-------- Data to examine
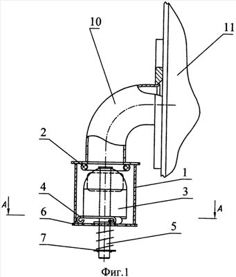 При нормальной работе системы через корпус 1 пропускается воздух, пружина 8 отжимает поплавок 3 в нижнее положение, и он не препятствует перетеканию воздуха через окна 9 из кабины. При приводнении самолета поплавок 3 и шток 5 под действием выталкивающей силы воды (Архимедовой силы) перемещается вверх, преодолевая усилие пружины 8, прижимает сферическую поверхность к кольцу 4 и, тем самым, перекрывает доступ воды в кабину. Плоская центрирующая пружина с загибами 4 жестко закреплена вместе со штоком 5 и поплавком 3 и предохраняет поплавок 3 от вибрационных нагрузок и ударов о корпус и одновременно является направляющей при всплытии поплавка, уменьшая его перекос.
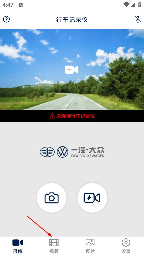 3、完成连接操作后,回到行车记录仪主界面,点击底部“视频”选项,进入视频页面。
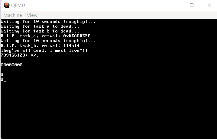 我们看到,现在的OS启动时屏幕一片空旷,它成了一个完完全全的打字机。这也算是我们人机交互的初步成果了。
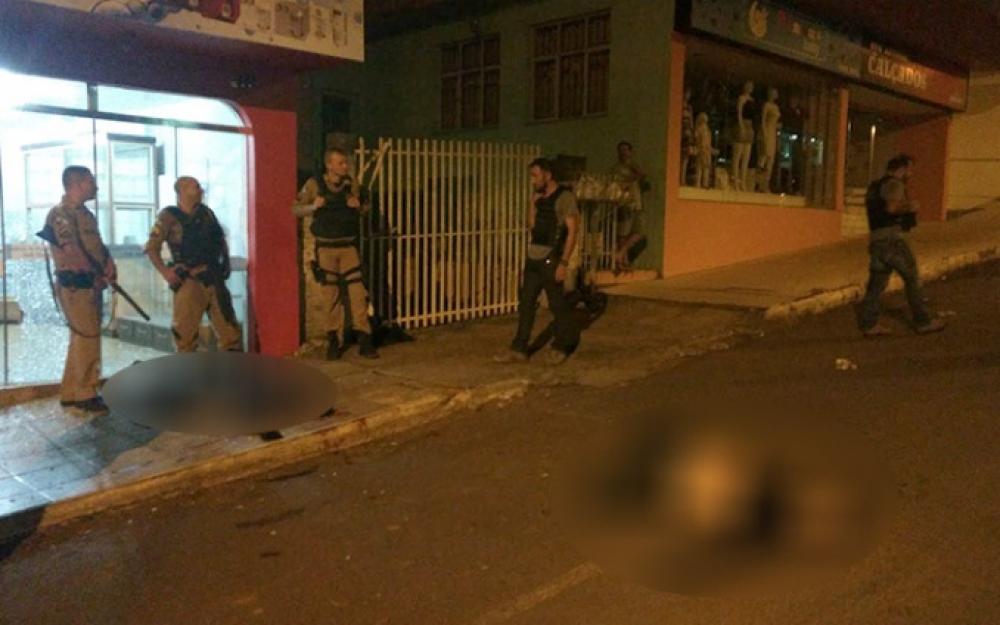 De acordo com testemunhas, um grupo metralhou o destacamento da PM enquanto outra parte da quadrilha atirou contra a sede da Polícia Civil. Simultaneamente, outro grupo invadia as agências bancárias para instalar os explosivos e concluir o roubo. No entanto, os policiais militares reagiram à ação criminosa e trocaram tiros com os ladrões, que estavam armados com pistolas e fuzis. Foi neste tiroteio que dois suspeitos morreram e outros três conseguiram fugir. Também houve troca de tiros em frente à delegacia, mas ninguém ficou ferido.
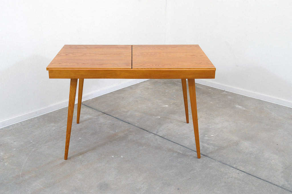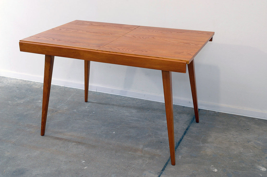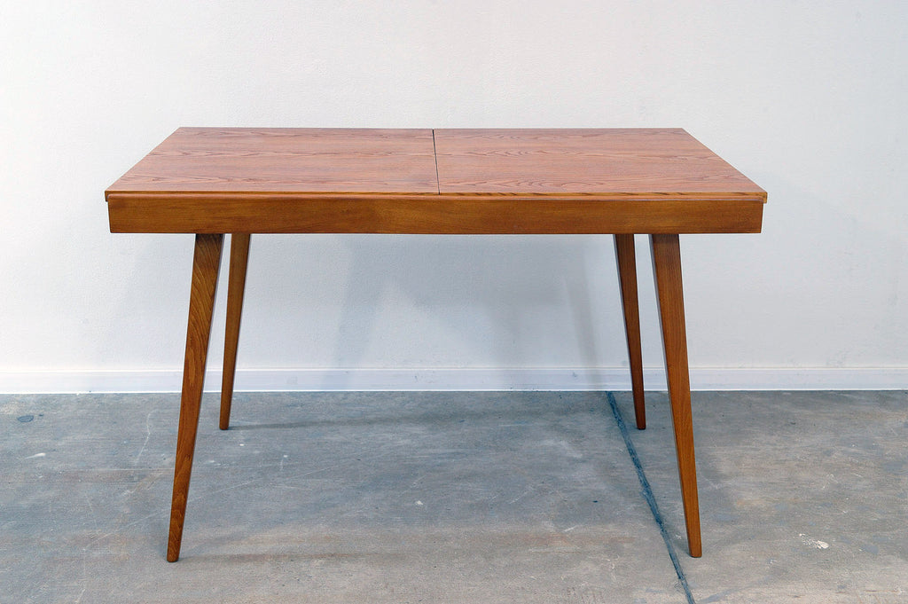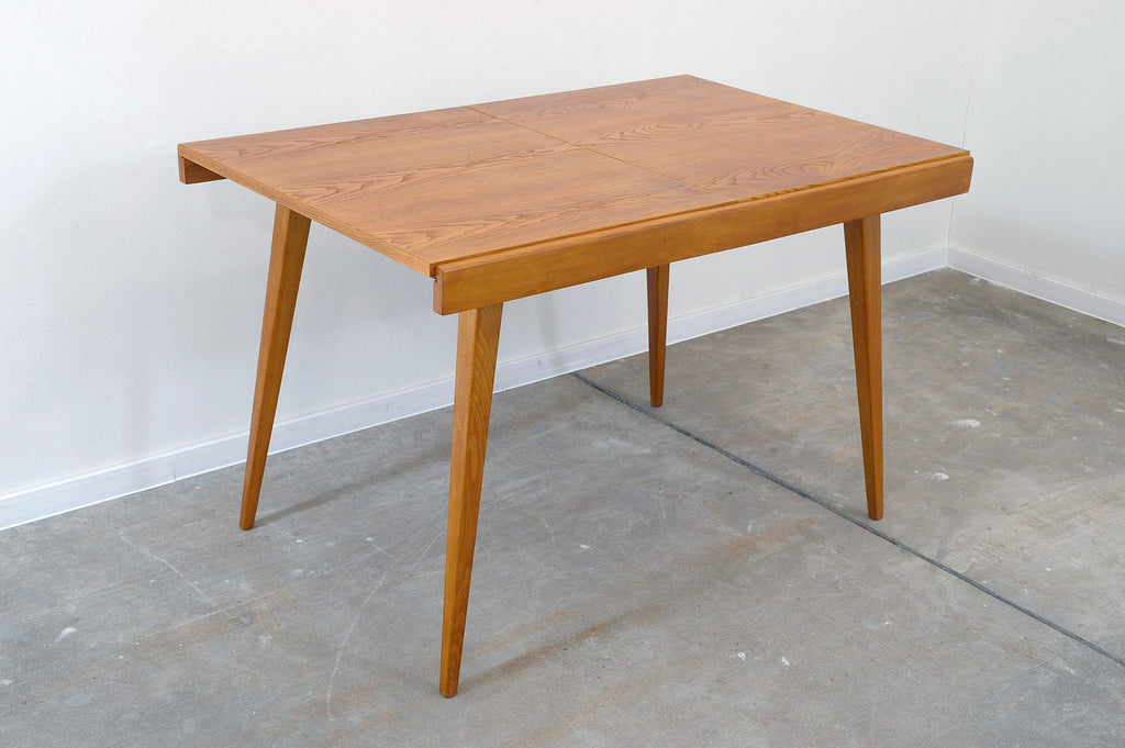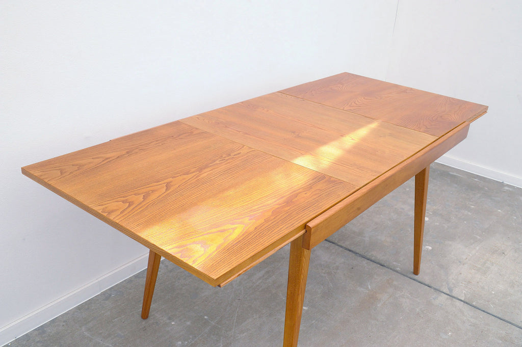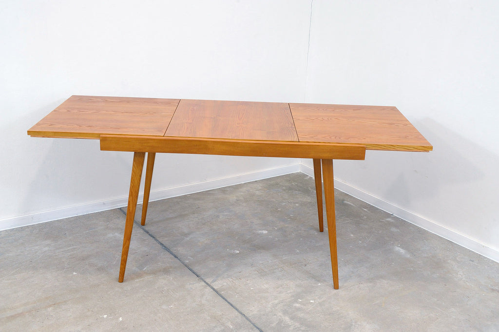 Cette table à manger réglable du milieu du siècle a été conçue par Frantisek Jirák pour Tatra nábytok et fabriquée dans l'ancienne Tchécoslovaquie dans les années 1970. Elle est en frêne et en hêtre. Sa longueur est réglable de 120 cm à 180 cm. Entièrement rénovée, elle est en excellent état.
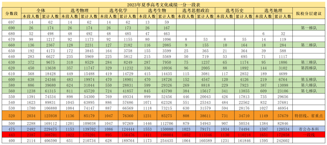 为让2024届考生能利用换算来的省排名进行志愿规划,下面附上2023年山东高考一分一段表(部分)和院校分层建议,以供大家参考:
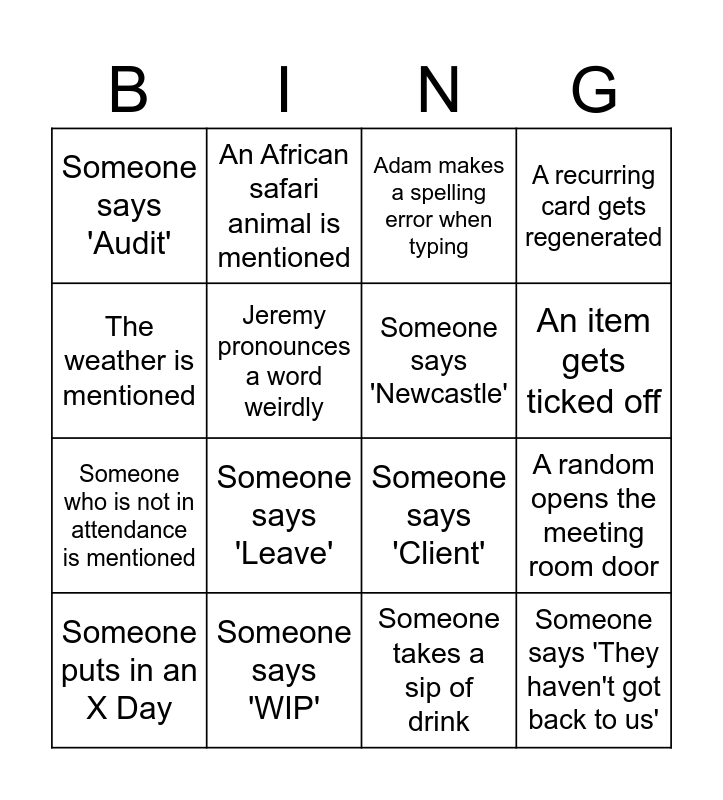 This bingo card has 16 words: Someone says 'WIP', A random opens the meeting room door, Adam makes a spelling error when typing, Someone says 'Audit', Someone who is not in attendance is mentioned, An African safari animal is mentioned, Someone says 'Client', Someone takes a sip of drink, The weather is mentioned, Jeremy pronounces a word weirdly, Someone puts in an X Day, A recurring card gets regenerated, Someone says 'Leave', An item gets ticked off, Someone says 'Newcastle' and Someone says 'They haven't got back to us'.
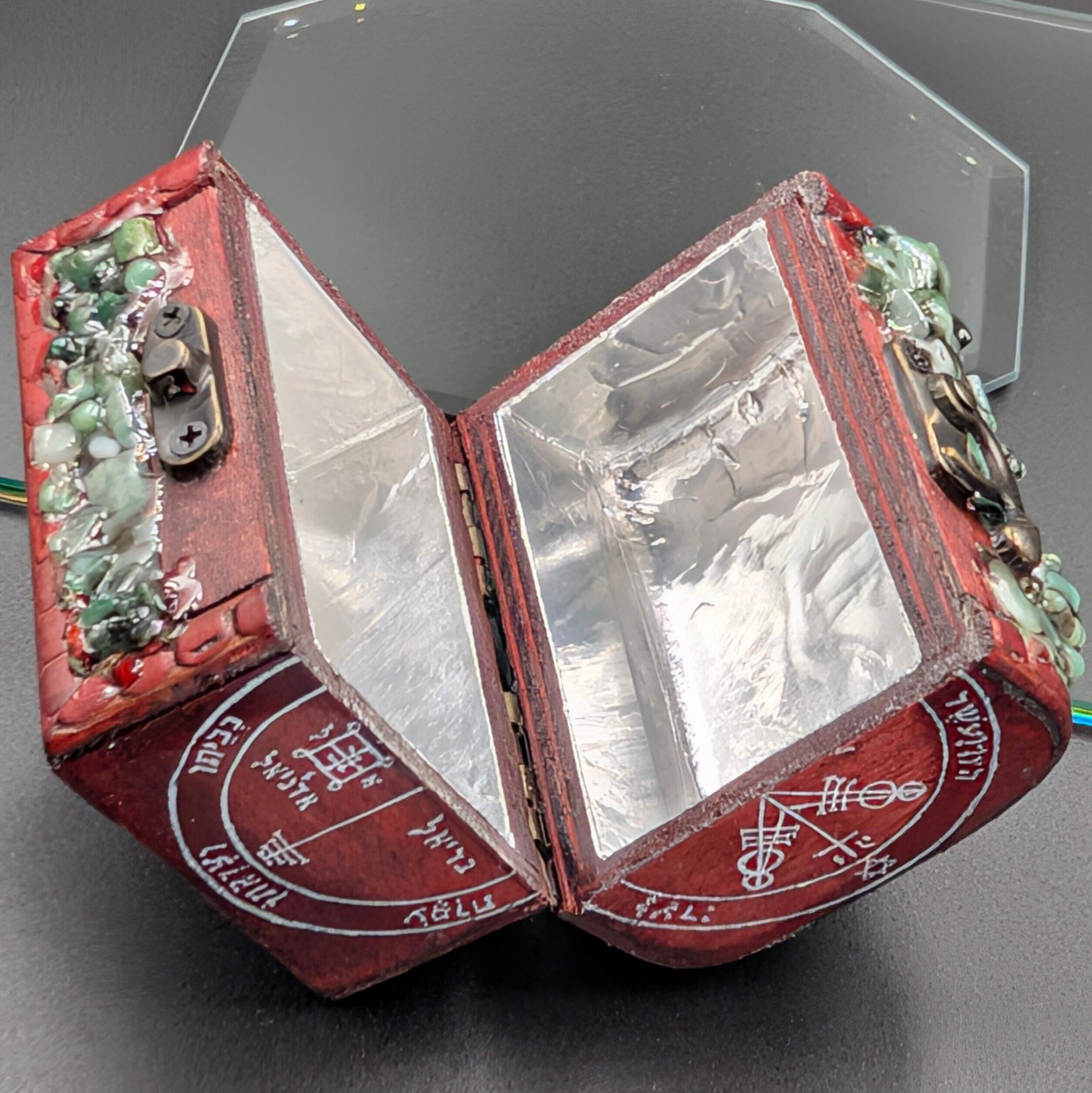 使用例∶ボックスにアクセサリーや願いを書いた紙を入れ、そのアクセサリーを身につける 魔法の力の充填 電気石か水晶の極小さな欠片をボックスに入れるとオルゴンエネルギーが発生(電気石の欠片付属致します)
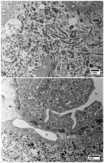 Figure 3. (A) Details of bacterial aggregates outside the midgut within the filter chamber of CLas-infected D. citri. (B) Aggregates of bacteria inside epithelial cells (ep) of the hindgut and outside the hindgut basal lamina (bl) in CLas-infected D. citri. Abbreviations—bl, basal lamina; ep—epithelial cells of the hindgut; he—hemocele; lu—hindgut lumen; tr—trachea. (A and B: non-osmicated tissues).
----------------
What you will do
Please copy the data shown above word for word, omitting the pictures.

Answer box
 При нормальной работе системы через корпус 1 пропускается воздух, пружина 8 отжимает поплавок 3 в нижнее положение, и он не препятствует перетеканию воздуха через окна 9 из кабины. При приводнении самолета поплавок 3 и шток 5 под действием выталкивающей силы воды (Архимедовой силы) перемещается вверх, преодолевая усилие пружины 8, прижимает сферическую поверхность к кольцу 4 и, тем самым, перекрывает доступ воды в кабину. Плоская центрирующая пружина с загибами 4 жестко закреплена вместе со штоком 5 и поплавком 3 и предохраняет поплавок 3 от вибрационных нагрузок и ударов о корпус и одновременно является направляющей при всплытии поплавка, уменьшая его перекос.
 3、完成连接操作后,回到行车记录仪主界面,点击底部“视频”选项,进入视频页面。
 我们看到,现在的OS启动时屏幕一片空旷,它成了一个完完全全的打字机。这也算是我们人机交互的初步成果了。
 De acordo com testemunhas, um grupo metralhou o destacamento da PM enquanto outra parte da quadrilha atirou contra a sede da Polícia Civil. Simultaneamente, outro grupo invadia as agências bancárias para instalar os explosivos e concluir o roubo. No entanto, os policiais militares reagiram à ação criminosa e trocaram tiros com os ladrões, que estavam armados com pistolas e fuzis. Foi neste tiroteio que dois suspeitos morreram e outros três conseguiram fugir. Também houve troca de tiros em frente à delegacia, mas ninguém ficou ferido.
 Cette table à manger réglable du milieu du siècle a été conçue par Frantisek Jirák pour Tatra nábytok et fabriquée dans l'ancienne Tchécoslovaquie dans les années 1970. Elle est en frêne et en hêtre. Sa longueur est réglable de 120 cm à 180 cm. Entièrement rénovée, elle est en excellent état.
 为让2024届考生能利用换算来的省排名进行志愿规划,下面附上2023年山东高考一分一段表(部分)和院校分层建议,以供大家参考:
 This bingo card has 16 words: Someone says 'WIP', A random opens the meeting room door, Adam makes a spelling error when typing, Someone says 'Audit', Someone who is not in attendance is mentioned, An African safari animal is mentioned, Someone says 'Client', Someone takes a sip of drink, The weather is mentioned, Jeremy pronounces a word weirdly, Someone puts in an X Day, A recurring card gets regenerated, Someone says 'Leave', An item gets ticked off, Someone says 'Newcastle' and Someone says 'They haven't got back to us'.
 使用例∶ボックスにアクセサリーや願いを書いた紙を入れ、そのアクセサリーを身につける 魔法の力の充填 電気石か水晶の極小さな欠片をボックスに入れるとオルゴンエネルギーが発生(電気石の欠片付属致します)
 Figure 3. (A) Details of bacterial aggregates outside the midgut within the filter chamber of CLas-infected D. citri. (B) Aggregates of bacteria inside epithelial cells (ep) of the hindgut and outside the hindgut basal lamina (bl) in CLas-infected D. citri. Abbreviations—bl, basal lamina; ep—epithelial cells of the hindgut; he—hemocele; lu—hindgut lumen; tr—trachea. (A and B: non-osmicated tissues).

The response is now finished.